### Task details
Apart from the images, reproduce every record word for word.

### The records
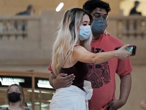 People wearing masks pose in Grand Central Terminal on July 27, 2021 in New York City. Due to the rapidly spreading Delta variant, the Centers for Disease Control and Prevention has recommended that fully vaccinated people begin wearing masks indoors again in places with high Covid-19 transmission rates. PHOTO BY SPENCER PLATT/GETTY IMAGES
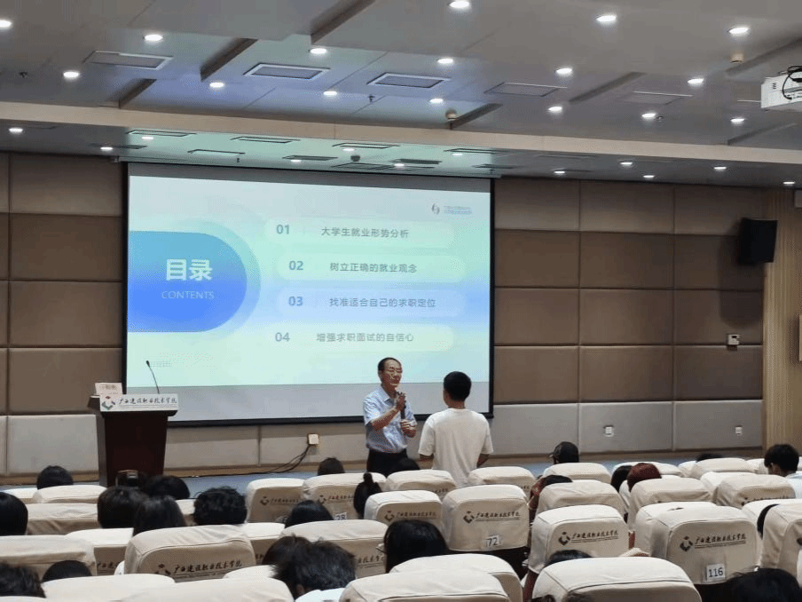 互动环节中,同学们积极与老师互动,热情回应周长明老师提出的问题,现场气氛热烈有趣。同学们纷纷表示,通过此次的讲座对大学生就业有了更新的认识,对未来职业发展有了更清晰的认识与定位。
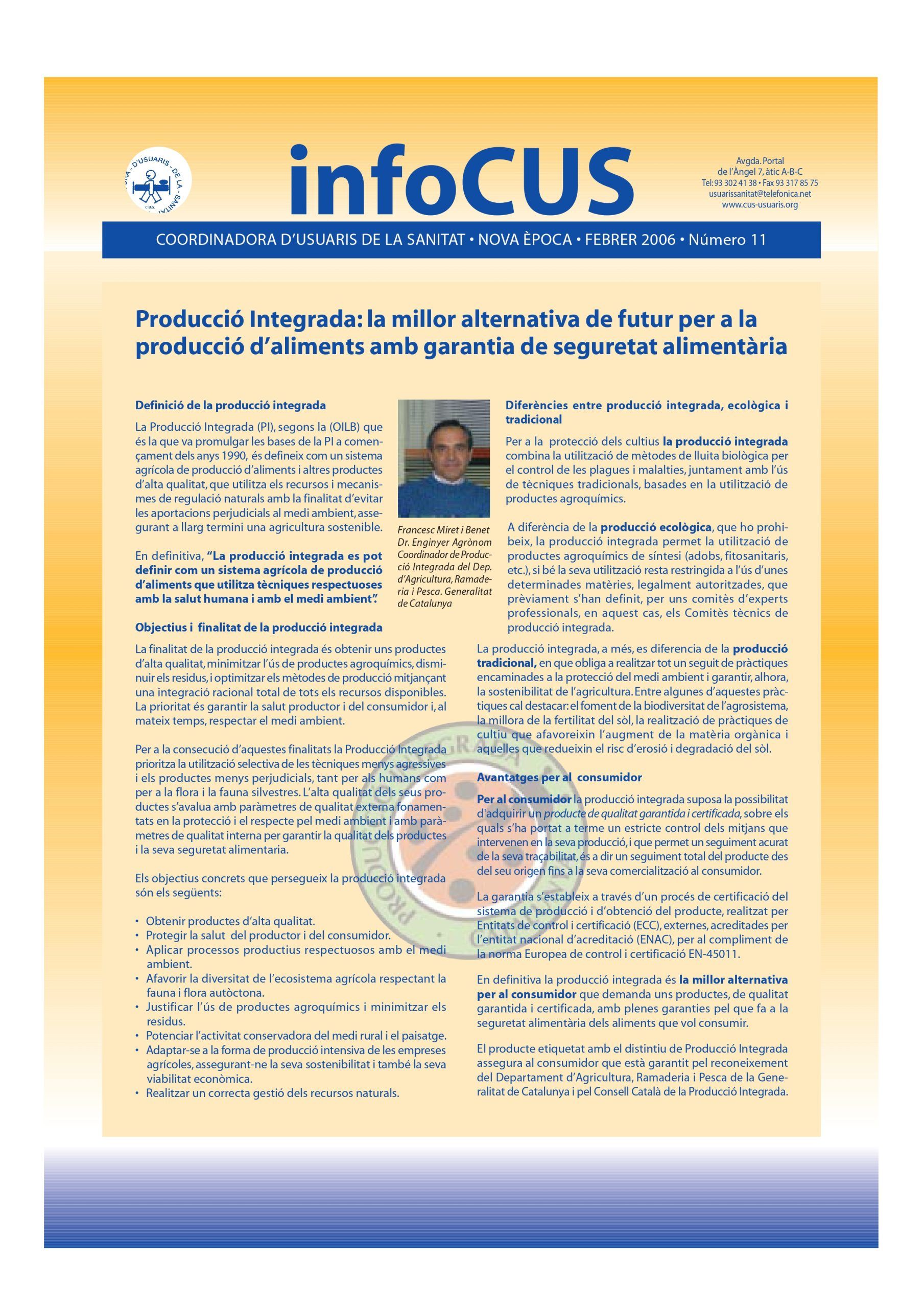 La revista INFOCUS nº 11 (2006) dedica el seu contingut principal a la producció integrada com a alternativa sostenible i segura dins del sector agroalimentari. L’article principal, signat per Francesc Miret i Benet, del Departament d’Agricultura de la Generalitat, explica que la producció integrada (PI) combina tècniques tradicionals i biològiques per reduir l’ús de productes químics i garantir aliments de qualitat amb respecte pel medi ambient. Detalla els seus objectius —com minimitzar residus, protegir la salut del consumidor i preservar la biodiversitat— i la seva diferència amb la producció ecològica (que no permet productes químics) i la tradicional (que no imposa controls ambientals). També explica que els productes de PI són certificats per entitats acreditades (ENAC) i identificats amb un segell oficial, assegurant la seva traçabilitat “de la granja a la taula”.
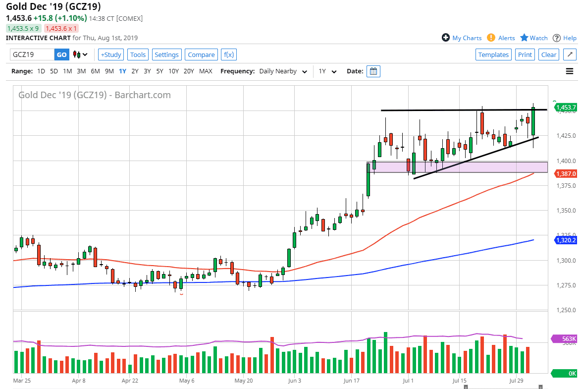 Gold markets exploded to the upside after initially pulling back on Thursday due to Donald Trump tweeting yet again. Now the latest thing is that he’s looking to add tariffs to the Chinese imports coming into the United States as of September 1. Another 10% as the market reeling, and there was a huge run towards safety.
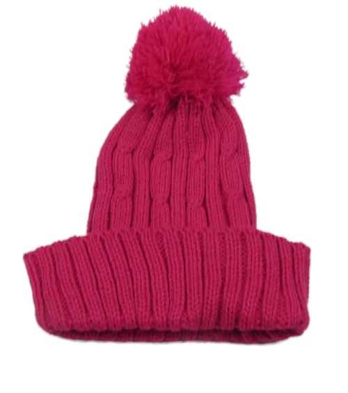 Neonově růžová čepice s bambulí
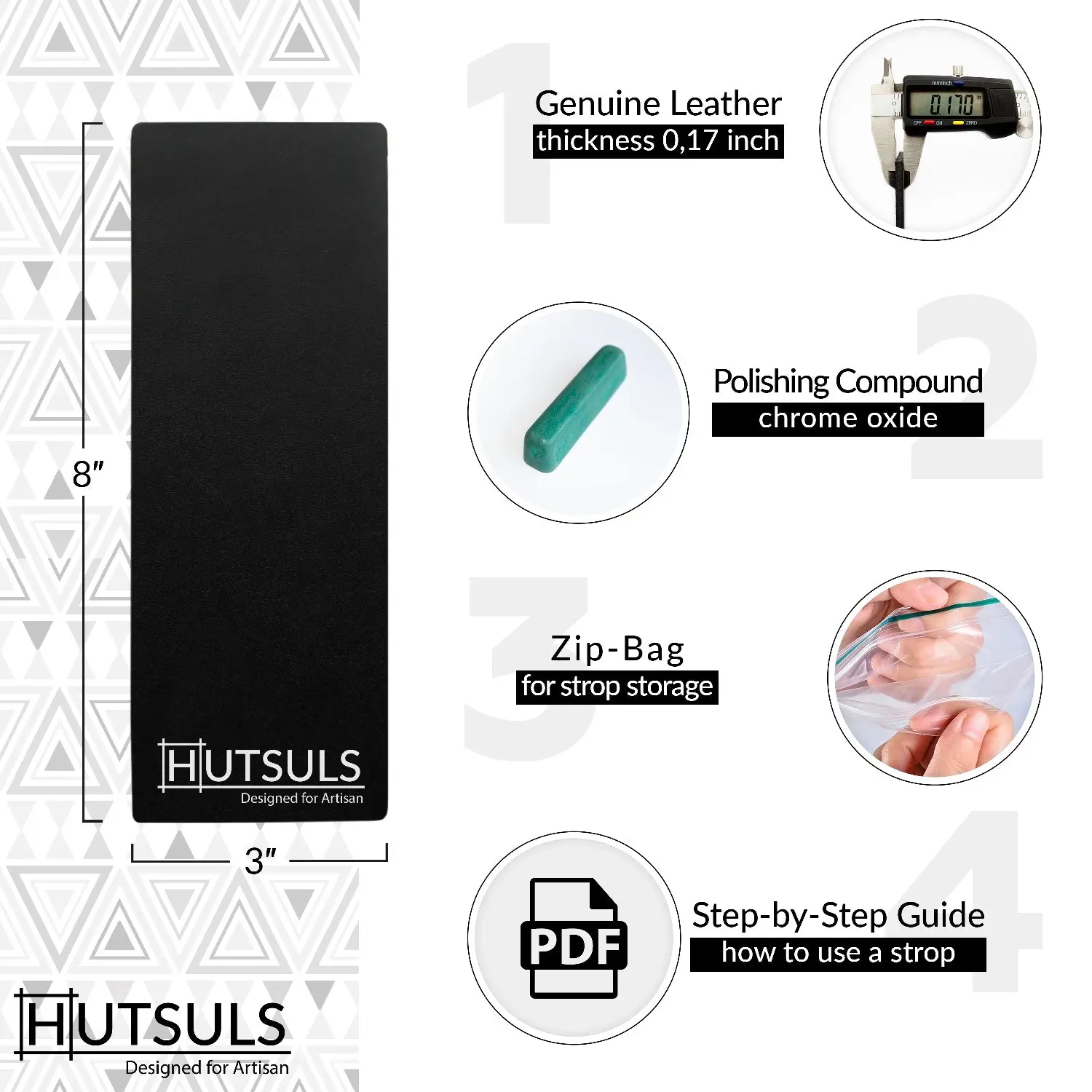 Effortless Use: Using this leather sharpening strop for knife is a breeze. This polishing leather is for professional and beginner use and includes a step-by-step knife leather sharpener guide
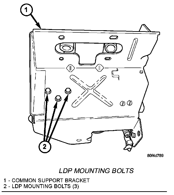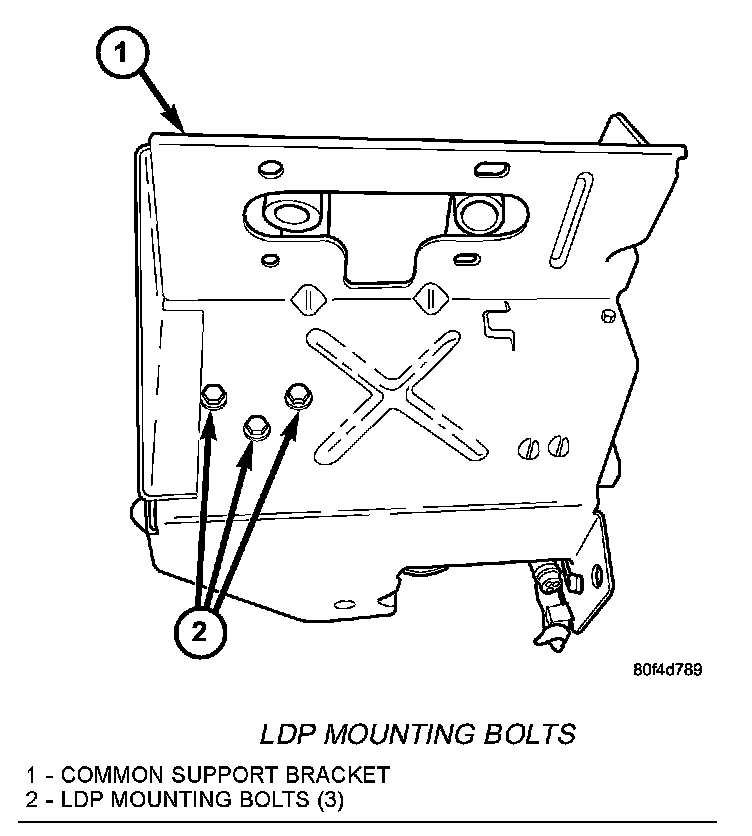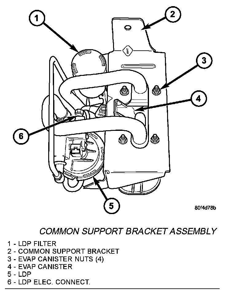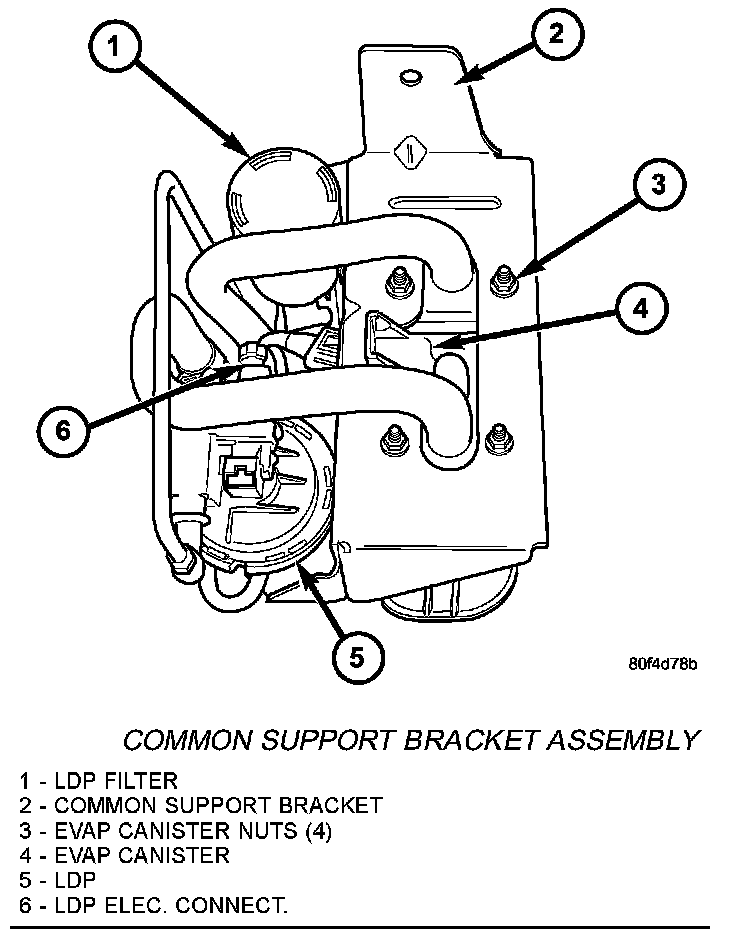 5. Remove common support bracket assembly (2) containing pump, pump filter and EVAP canister from vehicle. While lowering this assembly, disconnect pump electrical connector (6) at LDP pump. Do not allow the assembly to hang from the wire harness.

### Result of this task
 People wearing masks pose in Grand Central Terminal on July 27, 2021 in New York City. Due to the rapidly spreading Delta variant, the Centers for Disease Control and Prevention has recommended that fully vaccinated people begin wearing masks indoors again in places with high Covid-19 transmission rates. PHOTO BY SPENCER PLATT/GETTY IMAGES
 互动环节中,同学们积极与老师互动,热情回应周长明老师提出的问题,现场气氛热烈有趣。同学们纷纷表示,通过此次的讲座对大学生就业有了更新的认识,对未来职业发展有了更清晰的认识与定位。
 La revista INFOCUS nº 11 (2006) dedica el seu contingut principal a la producció integrada com a alternativa sostenible i segura dins del sector agroalimentari. L’article principal, signat per Francesc Miret i Benet, del Departament d’Agricultura de la Generalitat, explica que la producció integrada (PI) combina tècniques tradicionals i biològiques per reduir l’ús de productes químics i garantir aliments de qualitat amb respecte pel medi ambient. Detalla els seus objectius —com minimitzar residus, protegir la salut del consumidor i preservar la biodiversitat— i la seva diferència amb la producció ecològica (que no permet productes químics) i la tradicional (que no imposa controls ambientals). També explica que els productes de PI són certificats per entitats acreditades (ENAC) i identificats amb un segell oficial, assegurant la seva traçabilitat “de la granja a la taula”.
 Gold markets exploded to the upside after initially pulling back on Thursday due to Donald Trump tweeting yet again. Now the latest thing is that he’s looking to add tariffs to the Chinese imports coming into the United States as of September 1. Another 10% as the market reeling, and there was a huge run towards safety.
 Neonově růžová čepice s bambulí
 Effortless Use: Using this leather sharpening strop for knife is a breeze. This polishing leather is for professional and beginner use and includes a step-by-step knife leather sharpener guide
 5. Remove common support bracket assembly (2) containing pump, pump filter and EVAP canister from vehicle. While lowering this assembly, disconnect pump electrical connector (6) at LDP pump. Do not allow the assembly to hang from the wire harness.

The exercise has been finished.